2007-10-24 Thread William Stein

On 10/24/07, Jaap Spies <[EMAIL PROTECTED]> wrote:
> > The above corresponds to the following lines in matrix2.pyx:279-281:
> >
> > tmp = []
> > for cols in lst:
> > tmp.append(self.prod_of_row_sums(cols))
> >
> > The crash itself happens when the tmp.append() fails.
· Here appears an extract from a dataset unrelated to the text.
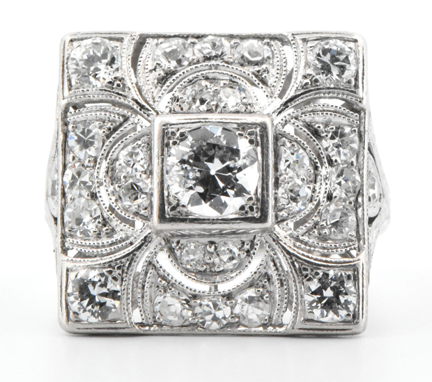 Description: A gorgeous square panel Art Deco ring with old European cut round and single cut diamonds weighing an estimated 1.00 cttw, SI clarity, I color with milgrain and open space that creates a beautiful design. Ring size 5.25, 3.0 dwt.

That indicates a

It would perhaps be worth changing the code to

some_large_integer = 3**(10**5)
tmp = [some_large_integer]*len(lst)
for i in xrange(len(lst)):
 tmp[i] = self.prod_of_row_sums(cols[i])

and see what happens.  I mean, maybe the problem is in
prod_of_row_sums instead of append?

We really need to replicate this on another 32-bit machine.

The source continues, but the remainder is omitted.